Chinese military personnel (1926–2023)

Xiang Xuan (向轩 (Hsiang Hsüan, Xiàng Xuān); March 1926 – February 10, 2023) was a Chinese colonel in the People's Liberation Army and the nephew of He Long, a marshal of the People's Republic of China. Following the death of his mother and aunt, Xiang joined the Chinese Red Army in 1933 and in 1935, at the age of nine, took part in the Long March, making him the youngest soldier to take part in it.

==Early life==
Xiang was a member of the Tujia ethnic group.
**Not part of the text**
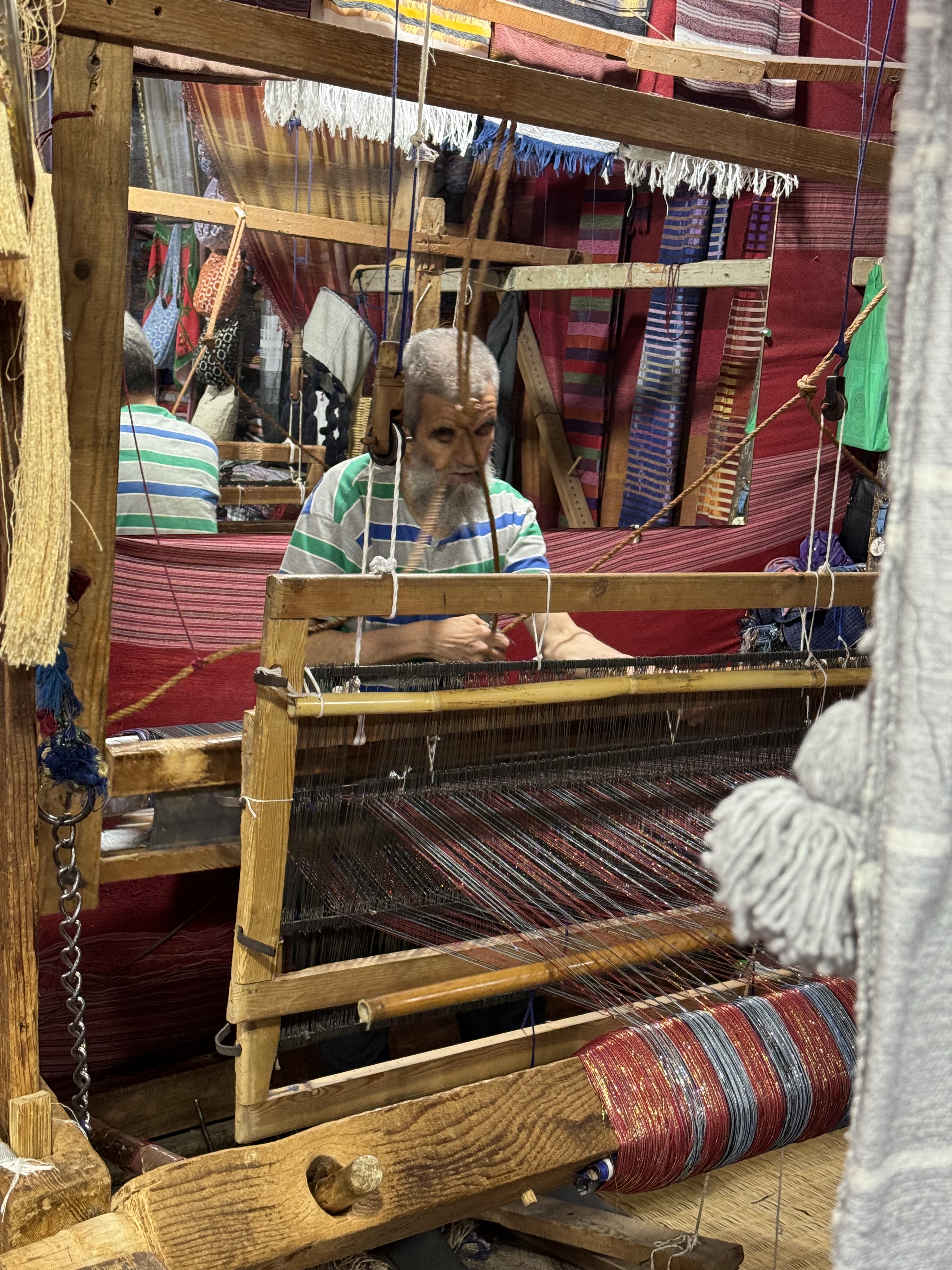 Today we explored Fes with a local guide. We started at the Royal Palace, then visited the old Jewish quarter, followed by a scenic overlook, and then stopped by a ceramics school that attracts students from all over the world. Finally, we explored the old Medina. The Medina is so complicated and convoluted that a local guide is required. There is no way anyone could navigate the over 9,400 streets and alleyways if they did not already know the layout. The Medina is a self-sustaining city within a city. It was founded between 789 and 808 A.D. and is considered as one of the most extensive and best conserved historic towns of the Arab-Muslim world. Inside the Medina you can find schools, fondouks (mediaeval building designed as an urban hostel for commercial travellers and merchants), palaces, residences, mosques (over 300), fountains, and any type of merchant, store, or craftsperson you think of, even a camel butcher.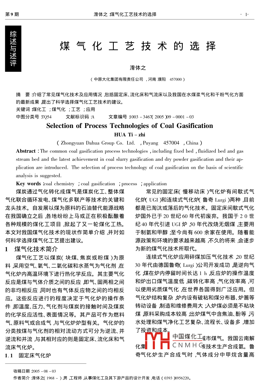 第9期滑體之煤氣化工藝技術的選擇1.綜沭與煤氣化工藝技術的選擇述評滑體之(中原大化集團有限責任公司,河南 濮陽457000 )摘要介紹了 常見煤氣化技術及應用情況包括固定床、流化床和氣流床以及我國在水煤漿氣化和干粉氣化方面的最新成果提出了科學選擇煤氣化工藝技術的建議。關鍵詞煤化工;煤氣化;工藝;應用中圖分類號:TQ54文獻標識碼:A文章編號:1003 -3467( 2005 )09 -0001 -03 .Selection of Process Technologies of Coal GasificationHUA Ti - zhi( Zhongyuan Dahua Group Co. Ltd. , Puyang 457004 , China )Abstract : The common coal gasification process technologies , including fixed bed , fluidized bed and gasstream bed and the latest achievement in coal slurry gasification and dry powder gasification and their ap-plication are introduced. The selection of process technology of coal gasification on the basis of scientificanalysis is suggested.Key words coal chemistry ; coal gasification ; process ; application煤炭通過氣化轉化成煤氣是煤炭化工、整體煤常見的固定床(慢移動床)氣化爐有間歇式氣氣化聯(lián)合循環(huán)發(fā)電、煤氣化多聯(lián)產(chǎn)等技術的關鍵和化爐( UGI )和連續(xù)式氣化爐(魯奇Lurgi )兩種,目前龍頭技術。自發(fā)展以煤為原料的石油替代能源戰(zhàn)略都是已淘汰或落后的氣化技術。固定床間歇式氣化在我國確立之后,各地紛紛上馬或正在積極醞釀著爐國外已于20世紀60年代初廢棄。我國于20世各種規(guī)模的煤化工項目,掀起了又一輪煤化工熱。.紀40年代引進UGI爐50年代改燒無煙煤主要用本文對我國煤氣化技術的現(xiàn)狀作簡單介紹,并對如于制氨和甲醇;至今尚有600余家在使用。隨著能何科學選擇煤氣化工藝提出建議。源政策和環(huán)境的要求越來越高不久的將來會逐步1煤氣化技術簡介為新的煤氣化技術所取代。煤氣化工藝以煤炭(塊煤、焦炭或粉煤)為原連續(xù)式氣化爐應用碎煤加壓氣化技術20世紀料采用空氣、氧氣、二氧化碳和水蒸氣為氣化劑在30年代由德國魯奇( Lurgi )公司開發(fā)成功是逆向氣氣化爐內高溫環(huán)境下進行熱化學反應。其主要氣化化煤在爐內停留時間長達1 h反應爐的操作溫度反應是煤與氣體介質之間的反應即氣、固兩相之間和爐出口煤氣溫度低碳轉化率高,氣化效率高,可的非均相反應同時也有氣體反應物之間的均相反以使用劣質煤氣化,在世界各國得到廣泛應用。但應。這些反應進行的程度決定于氣化爐的操作條氣化爐結構復雜爐內設有破粘和煤分布器、爐篦等件即溫度、壓力、氣化劑與煤炭的接觸時間及煤炭轉動設備制造和維修費用大;入爐煤必須是不粘塊的化學反應活性、表面情況等。其產(chǎn)品可作為燃料煤原料采購成本較高;出爐煤氣中含焦油、酚等污氣原料氣或合成氣與氣化爐爐型有關。氣化爐的水處理和煤氣凈化工藝復雜、流程長、設備多增加分類按煤與氣化劑的相對流動方式可分為逆流、并了投資和成本。逆流和并流與其相對應的則是固定床、流化床和氣中國煤化工城市煤氣。我國云南解流床氣化爐。化集MHcNMH咳技術生產(chǎn)合成氨。魯1.1 固定床氣化爐奇氣化爐生產(chǎn)合成氣時,氣體成分中甲烷含量高收稿日期2005 -08 -03作者簡介滑體之( 1968- )男工程師從事煤化工及其下游產(chǎn)品的設計開發(fā)電話( 0393 )8956220。河南化工●2.HENAN CHEMICAL INDUSTRY2005年第22 卷(8% ~10% ) ,且生產(chǎn)流程長投資大;因此魯奇氣化爐底部連續(xù)加入,從中心管(射流區(qū))送入部分氧化爐不適宜生產(chǎn)合成氣。氣在爐內1 050~1 100 C的高溫下進行快速氣化1.2 流化床氣化爐反應被粗煤氣夾帶的未完全反應的殘?zhí)己惋w灰經(jīng)流化床氣化爐的氣化劑由爐下部吹入,使細粒兩級旋風分離器回收再返回爐內進行氣化碳轉化煤(小于6 mm )在爐內呈并逆流反應煤粒(粉煤)率達90%以上。局部高溫,有利于灰渣分離排灰和氣化劑在爐底錐形部分呈并流運動,在爐上筒體系統(tǒng)簡單粗煤氣中幾乎不含焦油、酚等有害物質部分呈并流和逆流運動,使爐內的煤粒在流化狀態(tài)煤氣容易凈化。缺點是碳轉化率較德士古和魯奇爐下氣化在燃燒產(chǎn)生的高溫條件下,氣固兩相充分混低。合接觸發(fā)生煤的還原反應最終實現(xiàn)煤的氣化。該技術的工業(yè)化示范裝置建在陜西城固化肥常見的流化床氣化爐有溫克勒( Winkler )灰團廠2002年3月通過陜西省科技廳組織的驗收。它聚( U-Gas )循環(huán)流化床( CFB )加壓流化床( PFB以陜西彬縣煙煤為原料,日處理原煤100~120t所是PFBC的氣化部分)以及中國科學院山西煤炭化產(chǎn)合格氣有效成分( CO + H2 )≥68% ,甲烷含量不學研究所研發(fā)的灰熔聚氣化爐等。目前較成功的流高于2.0% ,送入合成氨生產(chǎn)系統(tǒng)。該技術可用于化床氣化爐有魯奇公司開發(fā)的循環(huán)流化床( CFB )和生產(chǎn)燃料氣、合成氣和聯(lián)合循環(huán)發(fā)電特別適用于中中國科學院山西煤炭化學研究所研發(fā)的灰熔聚氣化小氮肥廠替代間歇式固定床氣化爐,以煙煤替代無爐。煙煤生產(chǎn)合成氨原料氣,可以使合成氨成本降低1.2.1 循環(huán)流化床氣化爐( CFB )15% ~ 20%[11。魯奇公司開發(fā)的循環(huán)流化床氣化爐( CFB )可氣目前漢中成化有限公司亦有-套工業(yè)化裝置運化各種煤也可以用碎木、樹皮、城市可燃垃圾作為行。氣化原料水蒸氣和氧氣作氣化劑,氣化比較完全,1.3 氣流床 氣

He was born in March 1926 in Sangzhi, Hunan and was one of five children born to He Mangu, the younger sister of He Long, and Xiang Shenghui. Before his birth, He Mangu joined the Chinese Communist Party and began taking part in revolutionary activities with her siblings. In 1928, Xiang Shengui led his guerilla unit in attacking Kuomintang forces in Shishou and Jianli counties in Hubei. Facing stiff counterattack by enemy forces, He Mangu moved her children including Xiang Xuan to a village in Yongshun County, Hunan. After they ran out of ammunition, He Mangu and her three children were apprehended by the Kuomintang and they were taken as prisoners back to Sangzhi, Hunan. He Mangu's elder sister He Ying bribed the prison guards which led to the release of He Mangu's children including Xiang. He Mangu was tortured and executed while in captivity on 16 September 1928.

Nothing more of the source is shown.